By Sekete Mokgehle; Head: Global Commodity Finance, Nedbank CIB
It’s common knowledge that, while the African continent offers many exceptional economic opportunities for forward-thinking businesses and investors, doing business in Africa can be challenging. Trade finance is certainly not immune to these challenges and they add a layer of complexity that can make transacting on the continent interesting, to say the least.
In the first place, parties wanting to access trade finance in Africa need to satisfy the typical considerations that any lending institution would require, anywhere in the world. These include a solid and verifiable performance track record, clear regulatory policies for the region in which the target investment is situated, robust governance structures, and manageable transaction and reputational risks.
Perhaps unsurprisingly, many prospective investors or business partners who want to transact on the African continent find it difficult to tick all of the abovementioned boxes. That said, the most significant challenge to trade in Africa is actually one of perception rather than fact. A prime example is the perception that Africa is risky because of conflict. While there have undoubtedly been, and continue to be some, conflict-driven risk issues in parts of Africa, the idea that this makes transacting on the entire continent risky is a significant misperception.

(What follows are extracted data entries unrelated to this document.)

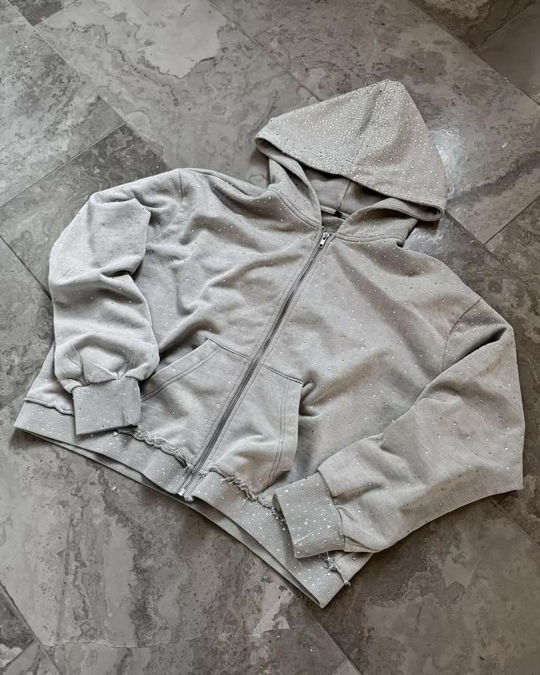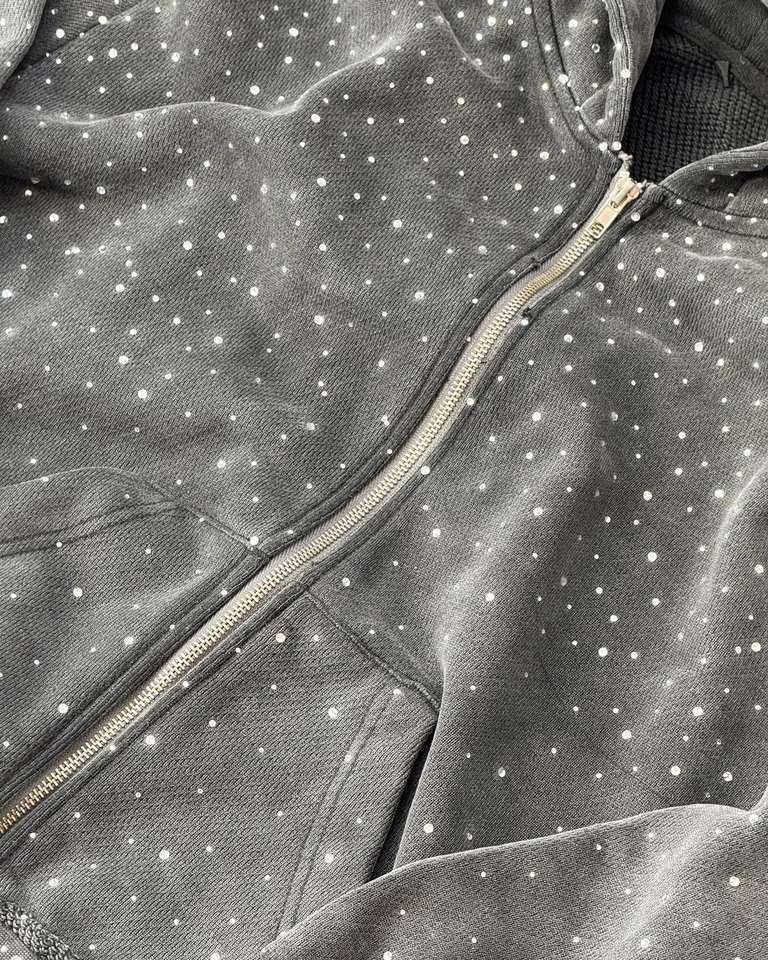 Sweats à capuche Sweat à capuche strass surdimensionné personnalisé Streetwear lourd Zip Up pour hommes Fabricant OEM ODM Sweat à capuche strass complet
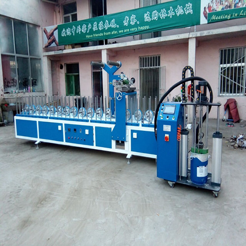 本機(jī)器由自動(dòng)送料、高壓水清洗、涂布親和劑 、型材預(yù)熱、自動(dòng)涂膠、覆保護(hù)膜等機(jī)構(gòu)組成.
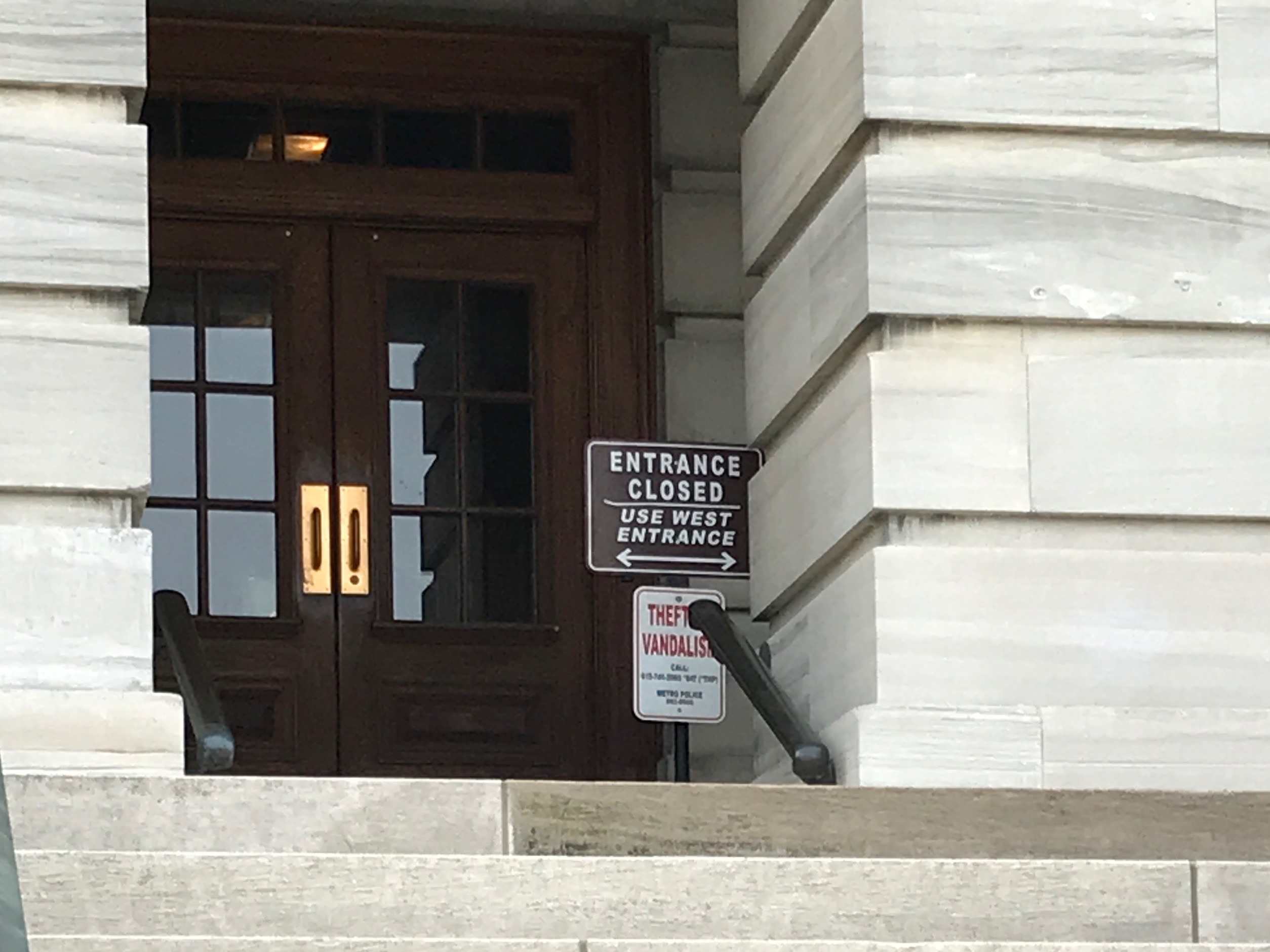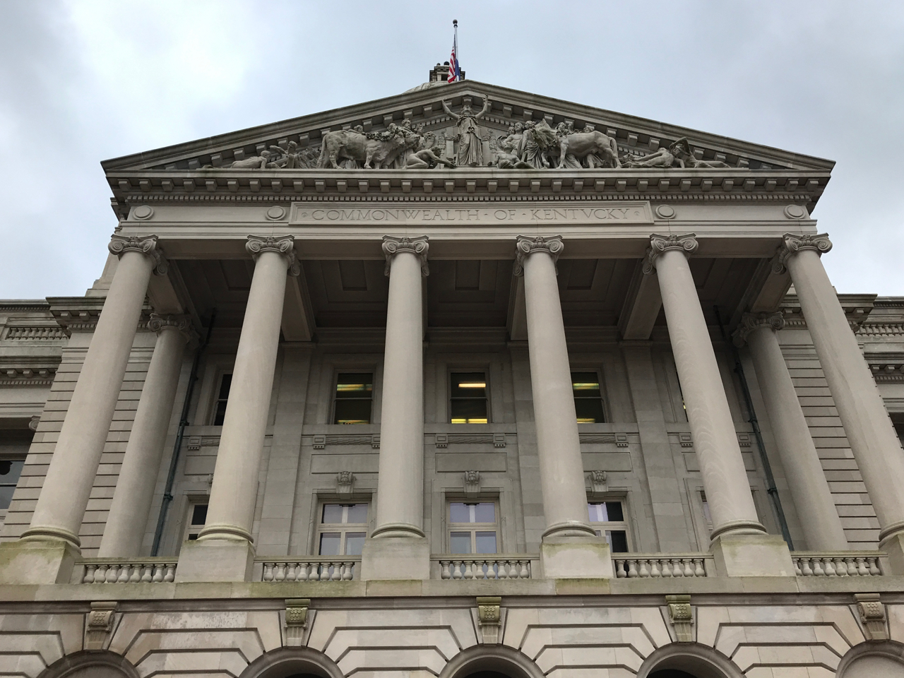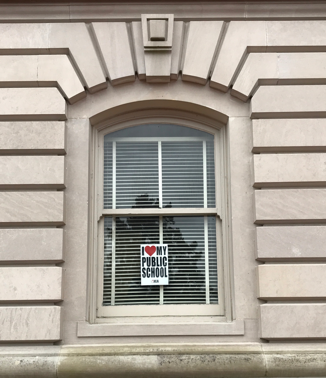 I saw this sign posted in a window as I walked around the building. I wonder if there is a connection to Bevin’s ouster and public employees?

That said, many of the African countries that stand to benefit from international trade and investment are not helping themselves when it comes to attracting such investment. Apart from the investment fears created through political conflict and power struggles, the lingering uncertainty perpetuated by countries and governments sees them positioned very poorly on global investment grading standards. And when a country has a poor sovereign credit ranking, it has massive negative implications for the borrowing power of businesses, despite many of these demonstrating consistently positive fundamentals. That’s because lenders typically assign prudential limits in relation to these sovereign ratings. So the worse the rating, the lower the overall lending limit allocated to that country will be, and the higher the cost of borrowing for individual entities.
This link between low sovereign ratings and high costs of finance is particularly challenging in emerging markets, where there are relatively few large corporates with long track records, but very many emerging small- to medium-sized family-based businesses. While many of these are highly successful and offer very appealing investment return opportunities, they typically lack the mature corporate governance structures required by both investors and funding providers.
When you add, to these challenges, the funding complexity of local currency weakness that plagues most African countries, it’s not difficult to see why accessing funding for international trade opportunities remains very challenging on the continent.
However, while there’s no denying that there are challenges to trade finance in Africa, the potential value that could be unlocked through investment in the numerous opportunities on the continent still make many businesses highly appealing to funders, and both African and global investors.
To fully capitalise on this interest, and grow it over time, a few critical interventions are needed. Apart from greater political and policy certainty, much more visible involvement and commitment are required from development finance institutions, social development funds, and multi-lateral funding organisations.
Ghana offers a prime example of the positive impact this can have. Some years back, the DFIs in that country made the decision to partner more closely with banks and support their lending activities with a $2bn funding facility. Apart from the financial security this generated, the mere presence of the DFIs in the country addressed much of the risk misperception that existed, and created a massively positive view of, and confidence in, Ghana as a viable and compelling trade finance destination.
The willingness of DFIs to take a similar supporting stance and align themselves with funding institutions in other African countries has the potential to act as a significant catalyst for trade finance that will effectively create a virtuous circle of funding access, business growth, and long-term economic development in Africa.